The testosterone-driven conversations I had with these guys typically revolved around girls and sex and more sports. And there’s nothing wrong with it, but it made me too afraid to speak out and introduce a new topic. I was scared that if I asked them if they saw the last Harry Potter movie or listened to the new Lana Del Rey album, they would make fun of me for liking “girly” things. I felt pressured to talk about things that they were talking about and could only imagine negative scenarios if I strayed away from what the group was talking about. I didn’t like feeling this way; it wasn’t an environment that allowed me to be myself freely.

I realized that I didn’t need to be surrounded by guys playing sports to feel good about myself, which helped me develop my own sense of masculinity. At some point, I just hated the thought of going to practice. I didn’t want to spend hours in the beating sun, practicing an assortment of plays that I wouldn’t even perform outside of practice. I rarely ever stepped foot on the field, and all I really did for the team was consume space.
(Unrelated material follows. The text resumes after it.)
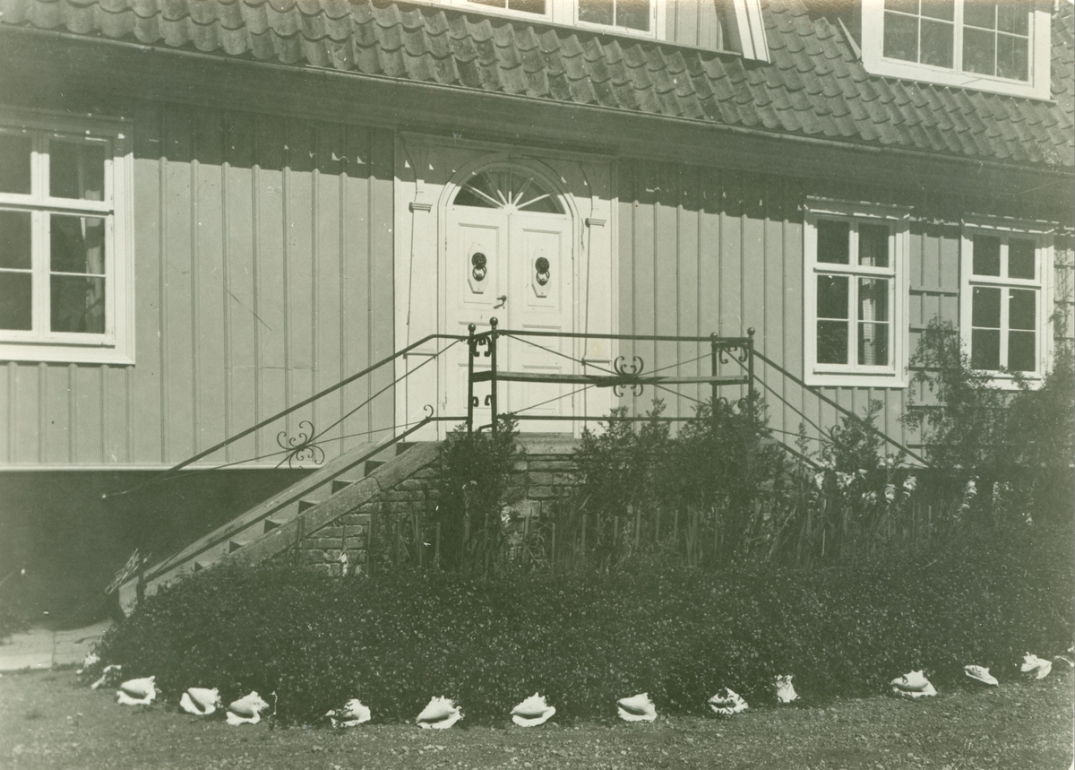 Rälla gård. Fritrappan av kalksten med smitt räcke. Dörrar och omfattning skurna i trä och vitmålade.

They didn’t need me on the team, and I was OK with that. Why did it matter? It didn’t. I decided football just wasn’t for me, and I quit.
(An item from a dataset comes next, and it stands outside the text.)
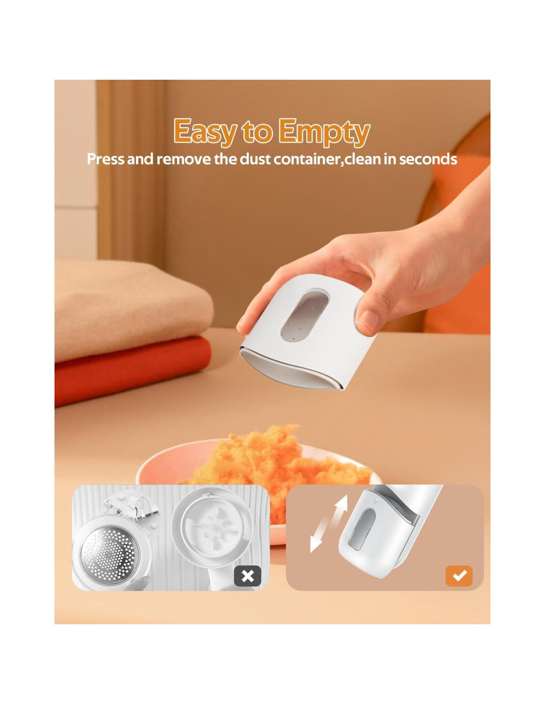 - Recolección de pelusa removible: el recolector de pelusa removible permite una limpieza rápida. No es necesario abrir la cubierta de malla y quitar la cuchilla para vaciar la pelusa como en los modelos tradicionales. La ventana visible te permite saber cuándo vaciar el contenedor de pelusa, asegurando un mejor efecto de recorte

I didn’t rejoin the football team, and none of my former teammates ever badgered me about it. They didn’t miss me, but they didn’t make fun of me for it either. I always assumed that leaving the team would mean that I quit, that I wasn’t committed enough and that I was less of a man. But the guys still said “hey” in the halls. We still cracked jokes and shook hands with each other; they still viewed me as just another dude, as an equal.

How I Define Masculinity

For the last two years of high school, I’ve been running my debate team, and it really helped me develop my character and learn what I like. The team required constant care, and I loved helping them. I would conduct practices, attend league meetings, go to tournaments, encourage my teammates and critique their work and skill. I took pride in my status as a leader. I cared about my team. This wasn’t like football because my athleticism didn’t matter. I was using my mind, and I was doing things that I wanted to do. My energy was going towards something I felt passionate about, and I didn’t feel like less of a man because of it. The Rock lifts weights, and I flip notebook pages. And that’s OK.
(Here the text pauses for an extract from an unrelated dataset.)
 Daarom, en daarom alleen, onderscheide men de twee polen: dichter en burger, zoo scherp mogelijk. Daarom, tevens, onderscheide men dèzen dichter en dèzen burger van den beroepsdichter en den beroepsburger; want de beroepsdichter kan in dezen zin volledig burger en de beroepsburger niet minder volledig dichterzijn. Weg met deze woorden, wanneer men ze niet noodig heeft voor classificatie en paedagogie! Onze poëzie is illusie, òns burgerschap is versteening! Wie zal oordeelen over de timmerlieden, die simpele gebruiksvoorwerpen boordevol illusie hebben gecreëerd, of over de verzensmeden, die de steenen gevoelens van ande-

Currently, I associate masculinity with comfort and confidence in my preferences and with a desire to learn new things. New things like knitting, for example. Knitting is cool, OK? Why wouldn’t you want to learn how to make your own scarf? I went out of my way to buy a spool of yarn and some knitting needles, and I made the coolest scarf ever. I didn’t enjoy the long process of knitting, but I did like learning and I did like the end product of a homemade scarf. And I feel no less masculine! In fact, I feel even more masculine because I acted upon the impulse to make a scarf, committed myself to completing it, and proudly tell others that I know how to knit.

The Answer Comes From Within

Contrary to what you might hear from some people, there is no code for masculinity. Plenty of people will tell you that to be a man you need to go to the gym or learn how to change a tire or know the sport of football or baseball or basketball or hockey or lacrosse or soccer or tennis or cricket or swimming or cycling or fishing or quidditch. But whoever tells you that is full of bologna and just wants you to believe in what they believe in. Thinking in absolutes creates limits, as if there is only one way to “be a man.” These limits are counterproductive and shouldn’t determine what you do to feel like a man. Regardless of how you identify or your sexual orientation, there isn’t an instruction manual that can tell you how to be a man—what to say, how to act and where to spend your time. The answers come from within you.

Masculinity is something that is different for each one of us, and what it means is unique to each person. Dwayne Johnson is a man, and he can probably bench press entire fire trucks. Leonardo DiCaprio is suave enough to steal a bride from her own wedding. Tyler Durden gets into bare knuckle fist fights. I can’t and don’t want to do any of these things. I’m my own type of masculine and that’s OK.